Would you return exactly the lines below from the line with "[Brand] Ambrosi [Type]" through the line with "سياسةالكاظمي يغادر واشنطن", both included, and nothing else, leaving out the pictures?
Start of STORED DATA
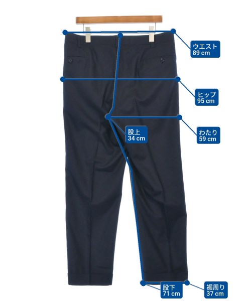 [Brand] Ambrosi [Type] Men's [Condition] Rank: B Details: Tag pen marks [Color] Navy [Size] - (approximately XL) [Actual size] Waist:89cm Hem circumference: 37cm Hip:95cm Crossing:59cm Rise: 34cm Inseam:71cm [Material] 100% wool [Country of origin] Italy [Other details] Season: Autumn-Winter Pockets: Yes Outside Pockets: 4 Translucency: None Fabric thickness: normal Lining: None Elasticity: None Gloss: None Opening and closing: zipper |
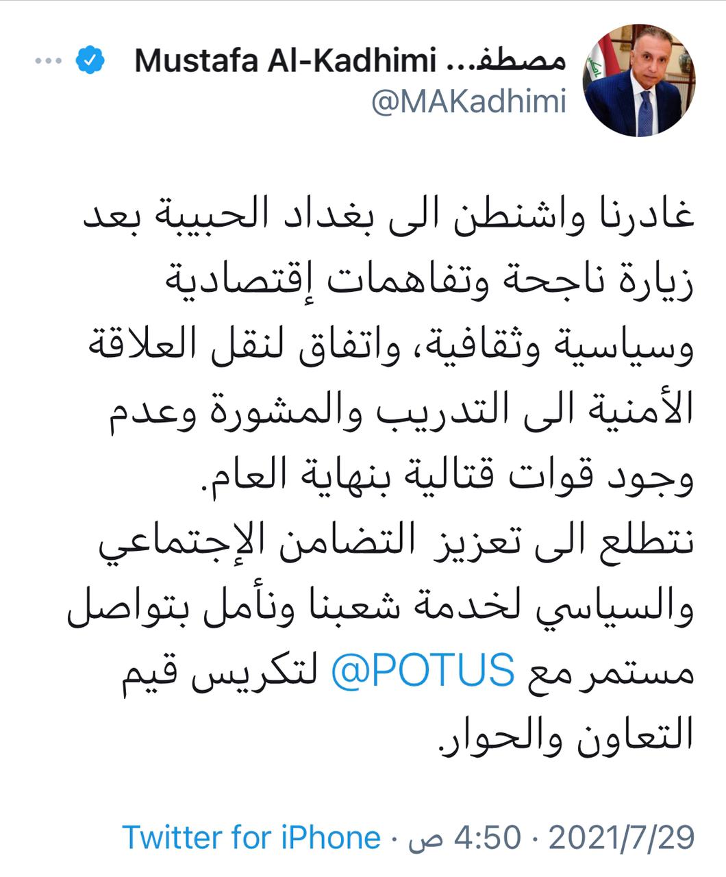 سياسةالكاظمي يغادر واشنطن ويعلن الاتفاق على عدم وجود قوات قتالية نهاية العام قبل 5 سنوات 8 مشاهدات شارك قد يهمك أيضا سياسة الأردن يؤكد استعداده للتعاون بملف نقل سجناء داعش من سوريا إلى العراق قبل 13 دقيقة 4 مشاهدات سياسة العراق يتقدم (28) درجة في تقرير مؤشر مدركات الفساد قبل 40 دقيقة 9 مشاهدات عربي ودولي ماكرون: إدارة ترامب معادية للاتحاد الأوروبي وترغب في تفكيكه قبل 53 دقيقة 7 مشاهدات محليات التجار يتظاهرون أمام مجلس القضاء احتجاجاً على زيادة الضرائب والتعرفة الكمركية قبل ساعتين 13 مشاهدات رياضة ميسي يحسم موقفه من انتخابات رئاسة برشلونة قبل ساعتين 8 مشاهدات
End of STORED DATA
Start of STORED DATA
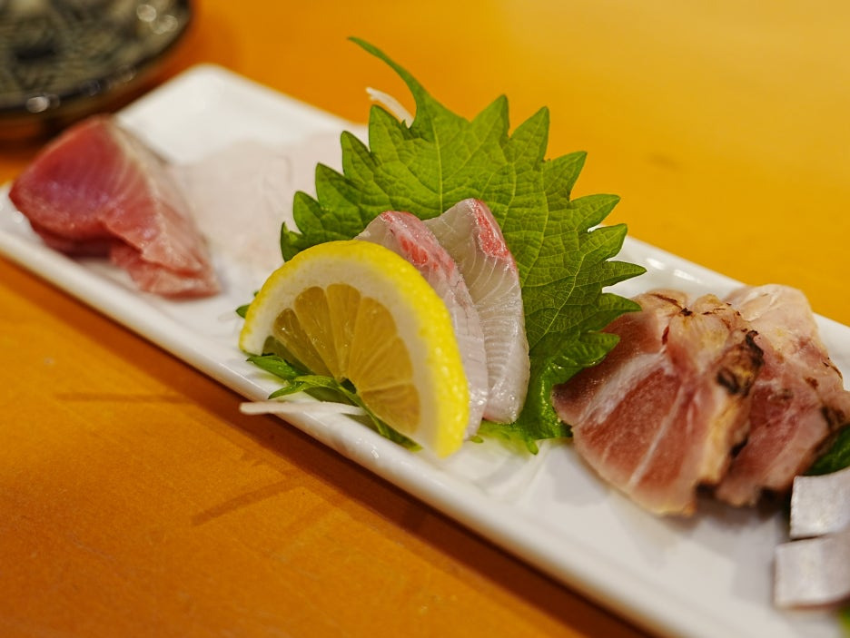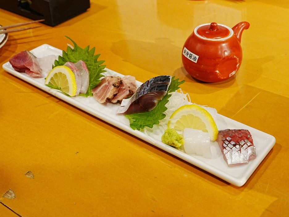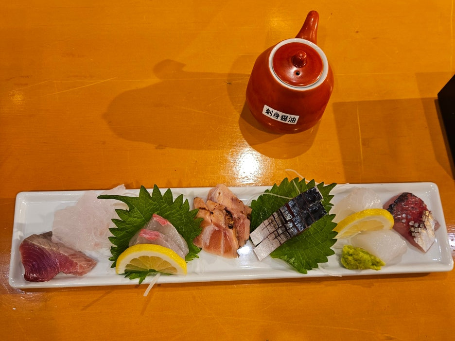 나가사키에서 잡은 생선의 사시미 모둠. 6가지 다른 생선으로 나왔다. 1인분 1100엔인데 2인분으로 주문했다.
End of STORED DATA
### [EXERCISE SOLUTION]
 [Brand] Ambrosi [Type] Men's [Condition] Rank: B Details: Tag pen marks [Color] Navy [Size] - (approximately XL) [Actual size] Waist:89cm Hem circumference: 37cm Hip:95cm Crossing:59cm Rise: 34cm Inseam:71cm [Material] 100% wool [Country of origin] Italy [Other details] Season: Autumn-Winter Pockets: Yes Outside Pockets: 4 Translucency: None Fabric thickness: normal Lining: None Elasticity: None Gloss: None Opening and closing: zipper |
 سياسةالكاظمي يغادر واشنطن ويعلن الاتفاق على عدم وجود قوات قتالية نهاية العام قبل 5 سنوات 8 مشاهدات شارك قد يهمك أيضا سياسة الأردن يؤكد استعداده للتعاون بملف نقل سجناء داعش من سوريا إلى العراق قبل 13 دقيقة 4 مشاهدات سياسة العراق يتقدم (28) درجة في تقرير مؤشر مدركات الفساد قبل 40 دقيقة 9 مشاهدات عربي ودولي ماكرون: إدارة ترامب معادية للاتحاد الأوروبي وترغب في تفكيكه قبل 53 دقيقة 7 مشاهدات محليات التجار يتظاهرون أمام مجلس القضاء احتجاجاً على زيادة الضرائب والتعرفة الكمركية قبل ساعتين 13 مشاهدات رياضة ميسي يحسم موقفه من انتخابات رئاسة برشلونة قبل ساعتين 8 مشاهدات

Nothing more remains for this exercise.